What you should repeat is the run of lines from the top of the listing below through the line with "Invitación Todo En", exactly, with no pictures.
(DATA IN THIS EXERCISE Opens)
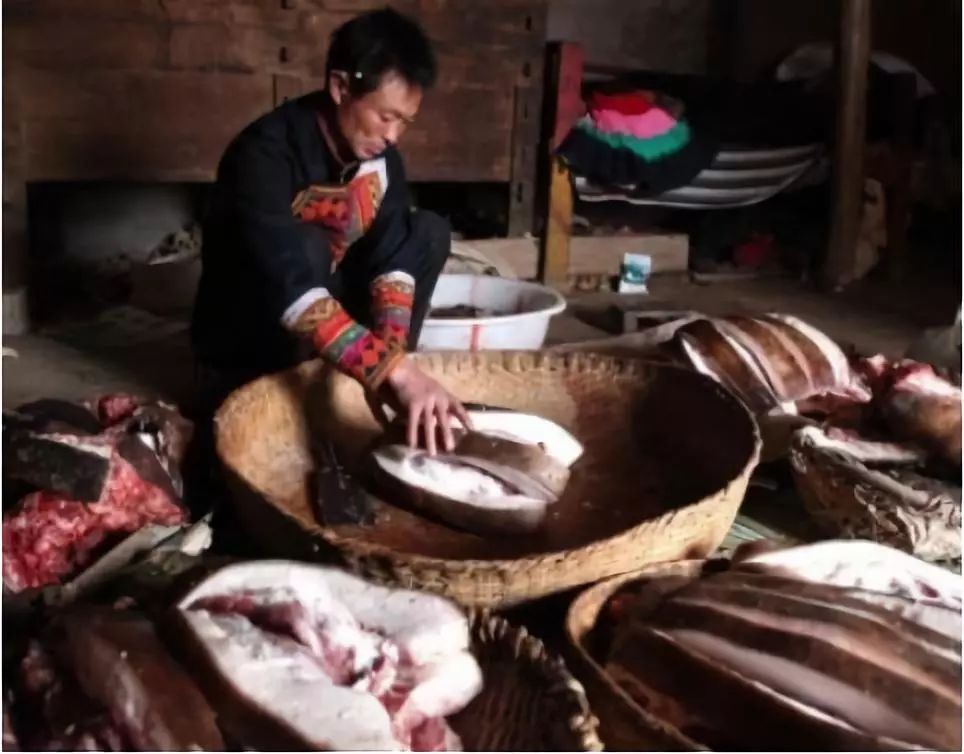 “来,大家吃点肉。”阿牛边说边蹲下身子,挑拣了一块带骨的坨坨肉,放在我手里,说:“这坨瘦肉多点,好吃些,快吃。”我拿着肉,便大口大口地吃起来。
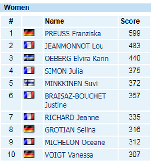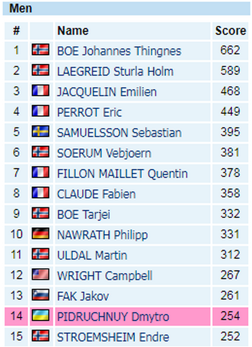 У загальному заліку Кубка світу Легрейд скоротив відставання від Бьо-молодшого до 73-х очок. Разом із цим, перевага Стурли над третьою позицією, яку обіймає Жаклен, складає вже 121 пункт. Взагалі ж, у топ-10 перебувають по чотири представники збірних Норвегії та Франції.
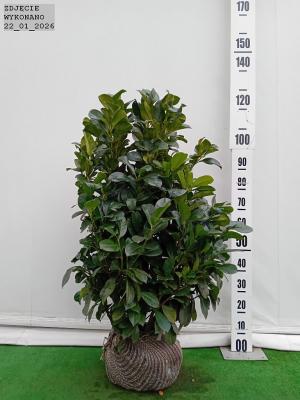 Zimozielona laurowiśnia wschodnia o wzniesionych pędach. Wzrost do 1.5 m wysokości. Posiada ciemnozielone. błyszczące. duże. szerokojajowate liście. Ozdobna w drobne. pachnące. białe kwiaty. zebrane w wyprostowane grona. a następnie małe. kuliste. czarne
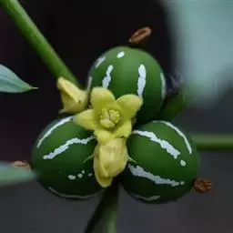果实的形状、颜色因品种而异,通常为球形或长椭圆形,果皮平滑,有纵沟纹,或斑纹,无刺状突起,果肉白色、黄色或绿色,有香甜味;种子污白色或黄白色,卵形或长圆形,先端尖,基部钝,表面光滑,无边缘。花果期夏季。
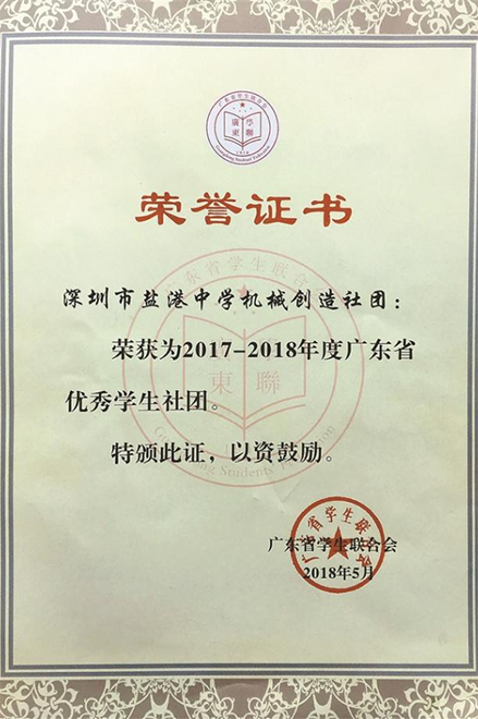 值得一提的是,盐港中学的“机械创造”社团与宝安中学、红岭教育集团、市科学高中等6个深圳市优秀学生社团一起被评为“2017-2018年度广东省优秀学生社团”,并名列第一。“入选省优秀学生社团要过五关斩六将,所以绝大部分入围社团都是广东省内各大高校,中小学社团要想入围是很难的。”盐港中学办公室副主任陈梦心老师告诉记者。
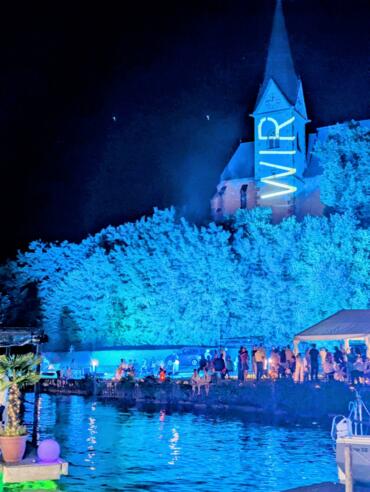 Beim Anlegen der Marienschiffe in Maria Wörth werden beide Kirchen beleuchtet und erstrahlen mit einer Lichtinstallation dabei erklingt das Ave Maria auf der Kristallpanflöte als Gruß von Maria Wörth zu den Schiffen.
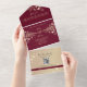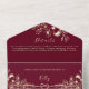 Invitación Todo En Uno Boda floral en oro y borgoña
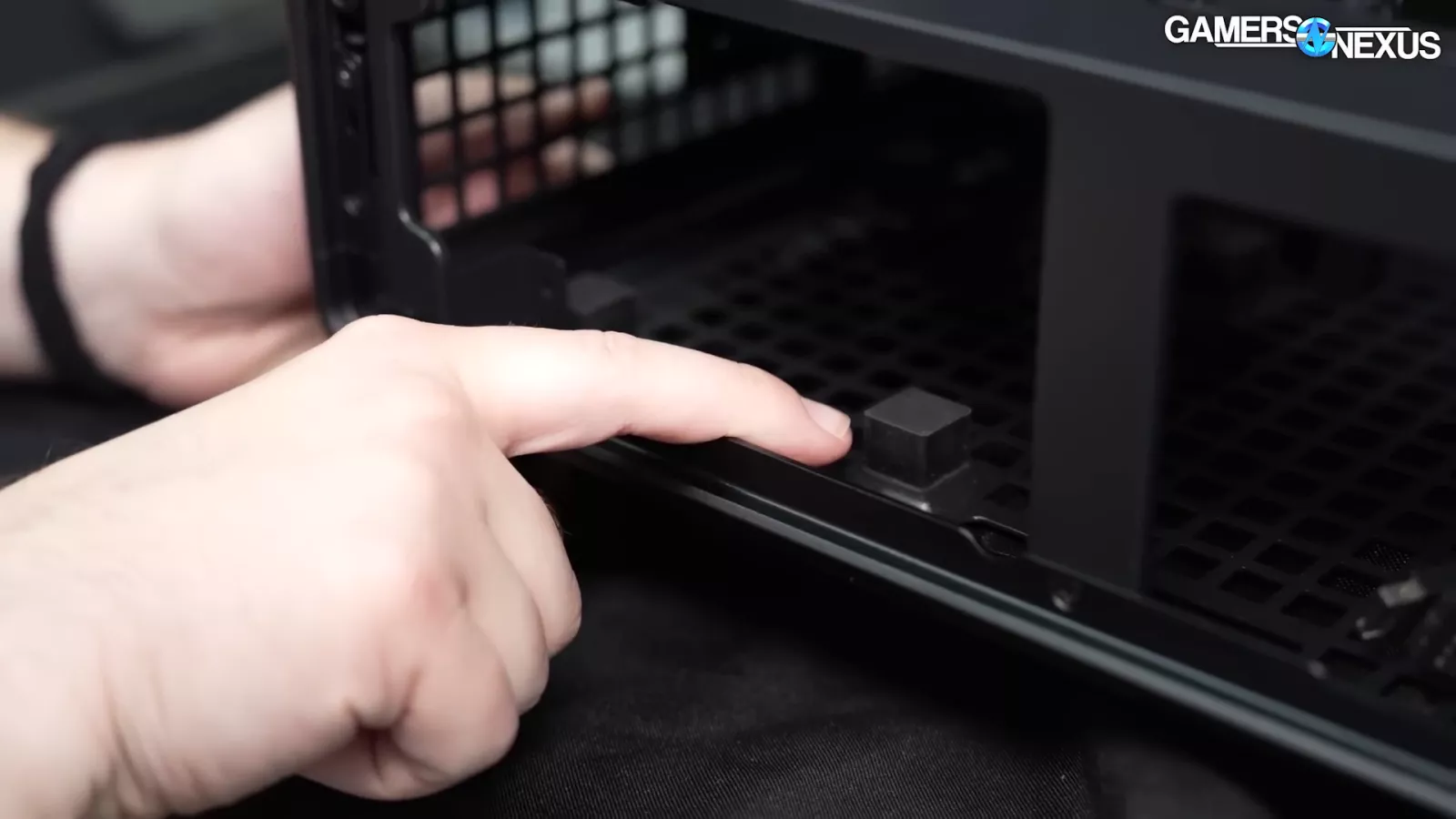 The last feature worth pointing out is that the front top panel with the front IO pops out. This provides access to the top, which is good for open-loop access and getting a radiator in and out.
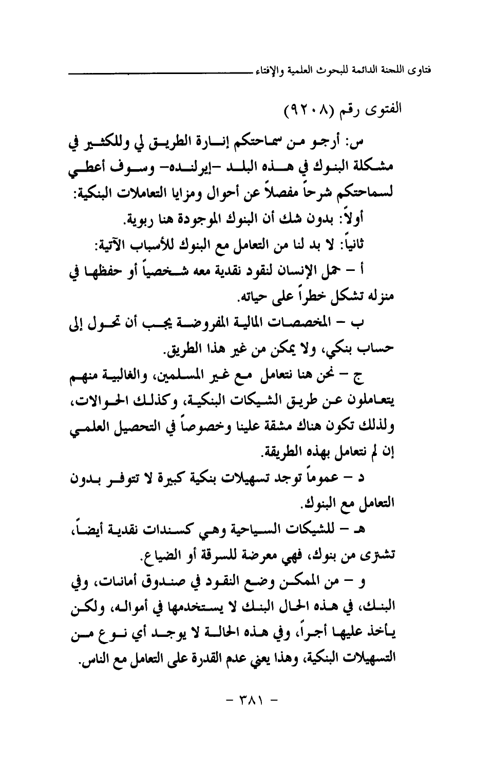 س: أرجو من سماحتكم إنارة الطريق لي وللكثير في مشكلة البنوك في هذه البلد - إيرلنده - وسوف أعطي لسماحتكم شرحا مفصلا عن أحوال ومزايا التعاملات البنكية:
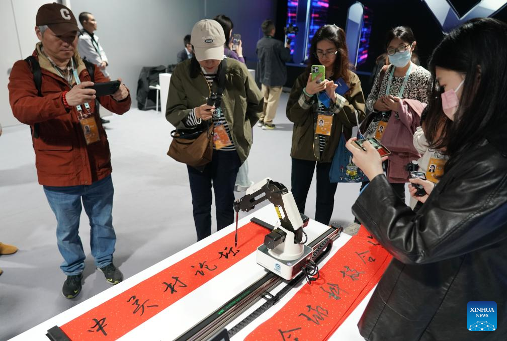 Journalists take photos of a robot writing calligraphy at the media center of the 2025 Zhongguancun Forum (ZGC Forum) in Beijing, capital of China, March 26, 2025. The 2025 ZGC Forum is scheduled to be held in Beijing from March 27 to 31.
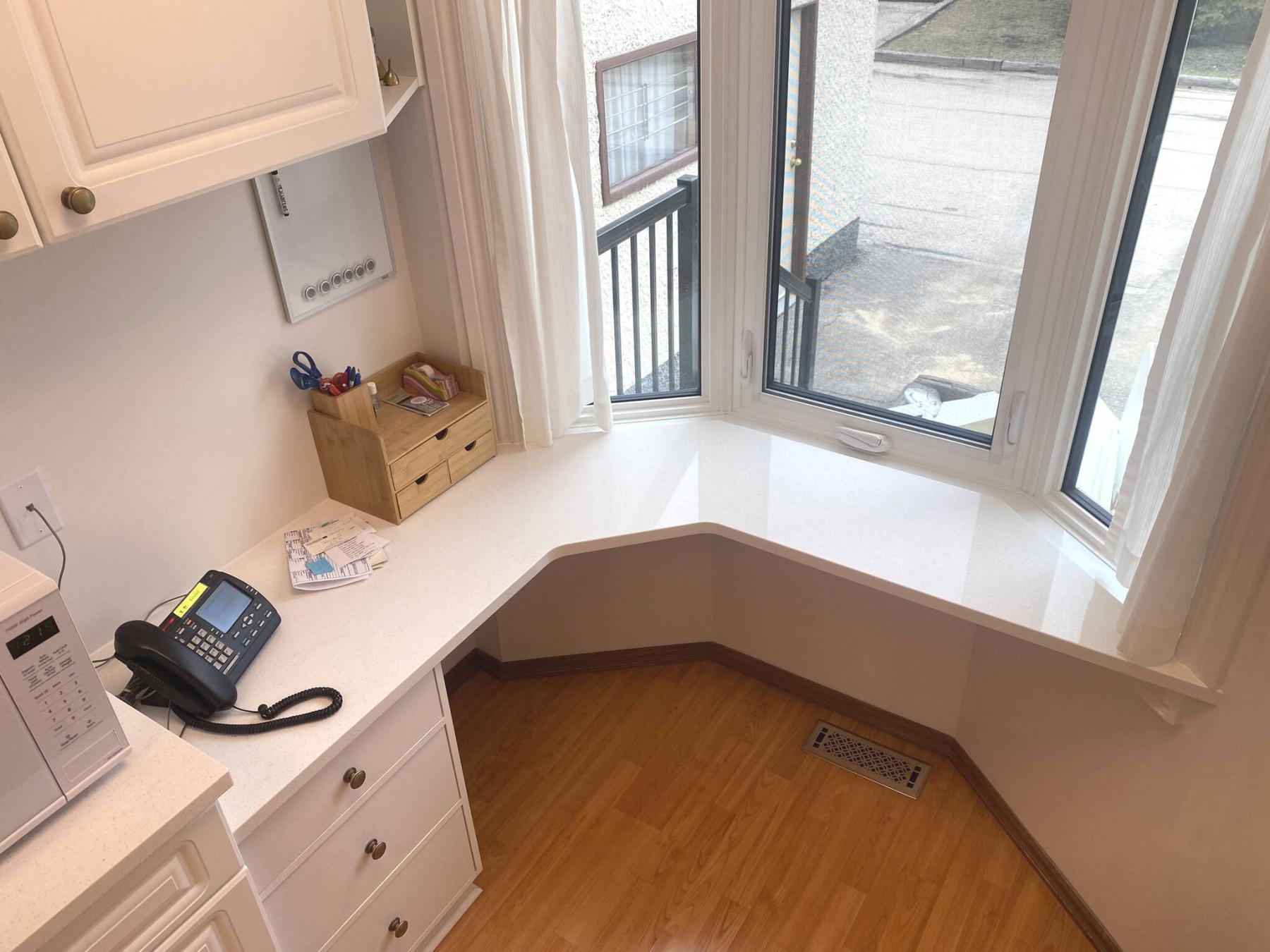 Unlike the old countertops, the new quartz meets the bay window angles precisely.
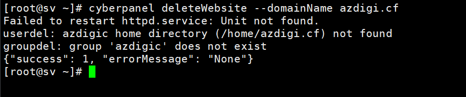 cyberpanel deleteWebsite --domainName azdigi.cf
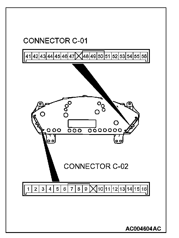 STEP 5. Check combination meter connectors C-01, C-02 and intermediate connector C-21 for loose, corroded or damaged terminals, or terminals pushed back in the connector.
(DATA IN THIS EXERCISE Closes)
■ OUTPUT FOR THIS TASK ■
 “来,大家吃点肉。”阿牛边说边蹲下身子,挑拣了一块带骨的坨坨肉,放在我手里,说:“这坨瘦肉多点,好吃些,快吃。”我拿着肉,便大口大口地吃起来。
 У загальному заліку Кубка світу Легрейд скоротив відставання від Бьо-молодшого до 73-х очок. Разом із цим, перевага Стурли над третьою позицією, яку обіймає Жаклен, складає вже 121 пункт. Взагалі ж, у топ-10 перебувають по чотири представники збірних Норвегії та Франції.
 Zimozielona laurowiśnia wschodnia o wzniesionych pędach. Wzrost do 1.5 m wysokości. Posiada ciemnozielone. błyszczące. duże. szerokojajowate liście. Ozdobna w drobne. pachnące. białe kwiaty. zebrane w wyprostowane grona. a następnie małe. kuliste. czarne
果实的形状、颜色因品种而异,通常为球形或长椭圆形,果皮平滑,有纵沟纹,或斑纹,无刺状突起,果肉白色、黄色或绿色,有香甜味;种子污白色或黄白色,卵形或长圆形,先端尖,基部钝,表面光滑,无边缘。花果期夏季。
 值得一提的是,盐港中学的“机械创造”社团与宝安中学、红岭教育集团、市科学高中等6个深圳市优秀学生社团一起被评为“2017-2018年度广东省优秀学生社团”,并名列第一。“入选省优秀学生社团要过五关斩六将,所以绝大部分入围社团都是广东省内各大高校,中小学社团要想入围是很难的。”盐港中学办公室副主任陈梦心老师告诉记者。
 Beim Anlegen der Marienschiffe in Maria Wörth werden beide Kirchen beleuchtet und erstrahlen mit einer Lichtinstallation dabei erklingt das Ave Maria auf der Kristallpanflöte als Gruß von Maria Wörth zu den Schiffen.
 Invitación Todo En Uno Boda floral en oro y borgoña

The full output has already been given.